Я почти не слышала его, потому что неожиданно новая мысль пришла мне в голову и я одеревенела от страха. Я проследила взглядом за рукой господина, когда он потянулся к бутылке, и увидала, как сверкнули его серебряные запонки.
В голове у меня словно вспыхнул свет, как бывает в ателье у фотографа, и я окончательно осознала свою безысходную глупость и свое отчаянное положение.
Запонки.
Золотые запонки, которые я вытащила из манжет мистера Дойла, все еще были в моей комнате, в маленькой шкатулке под полом, а я-то о них совсем забыла.
Глава 4
Немного погодя я подумала, что моя глупость не была такой уж безысходной, как мне показалось вначале, ведь я вытащила запонки, чтобы смыть кровь с рубашки, и спрятала их в потайное место в своей комнате, чтобы получше сохранить, когда решила не запирать моего неизвестного гостя одного, уходя за покупками.

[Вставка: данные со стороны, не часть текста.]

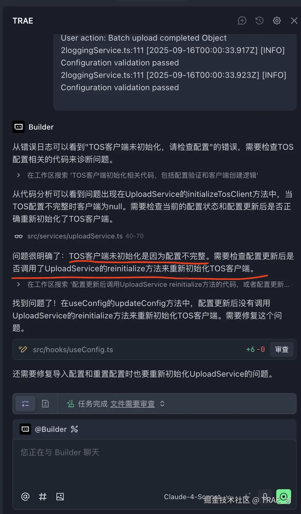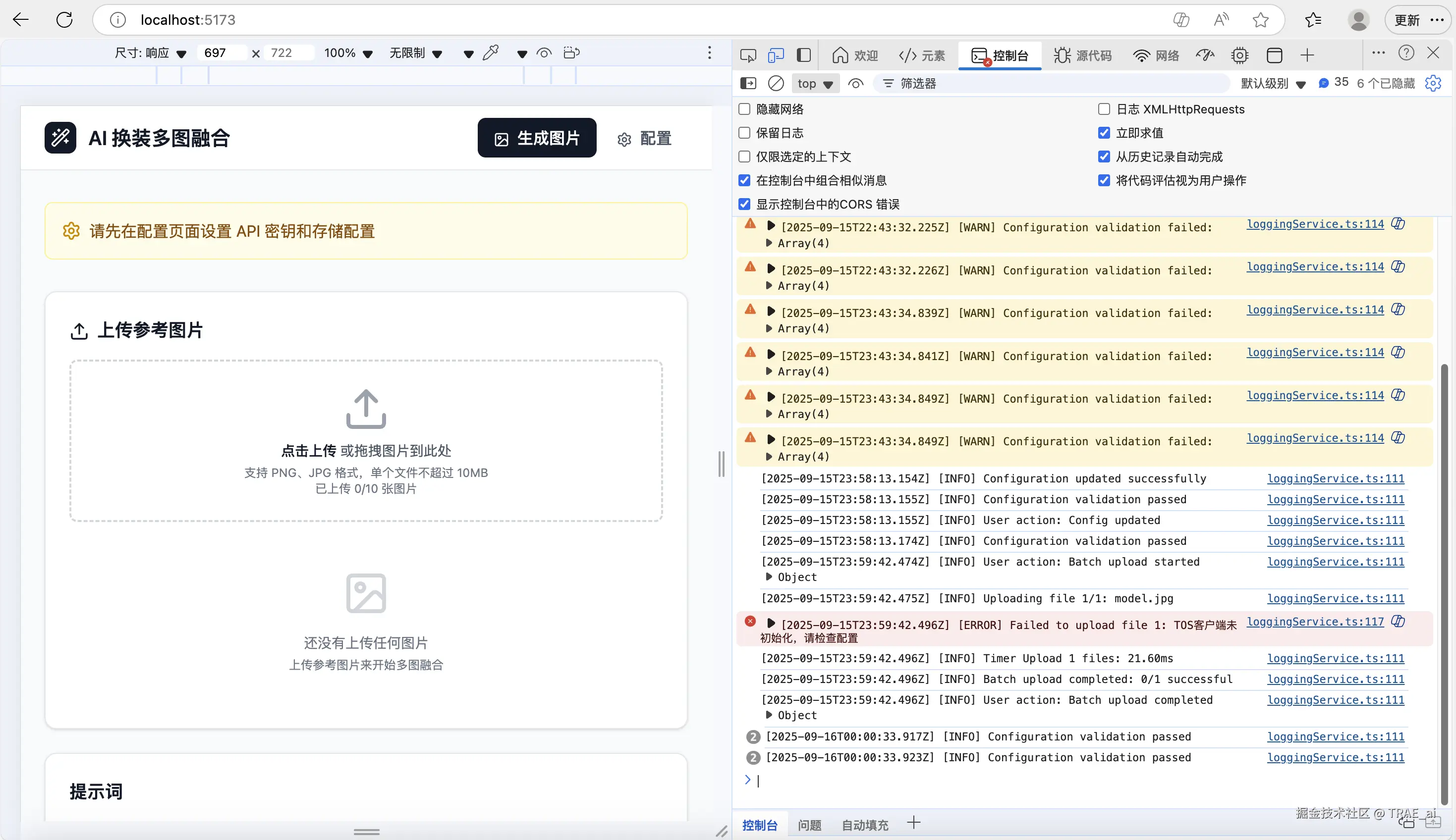 loggingService.ts:117 [2025-09-15T23:59:42.496Z] [ERROR] Failed to upload file 1: TOS客户端未初始化,请检查配置

Вернулась же я, когда его уже тащили по лестнице вниз под предводительством разгневанной американки, обозвавшей меня воровкой и пригрозившей мне полицией, отчего я совсем забыла про запонки. А уже через несколько минут я бежала в «Раковину», боясь опоздать на работу. Проведя на ногах почти двенадцать часов, я только к полуночи вернулась домой, и мне, естественно, было не до запонок, а утром меня разбудил Тоби Кент, в мановение ока рассеявший все мои страхи, когда я рассказала ему об угрозах юной дамы. Весь день мы провели вместе, и я думать забыла о том, что женщина с васильковыми глазами может заявить в полицию.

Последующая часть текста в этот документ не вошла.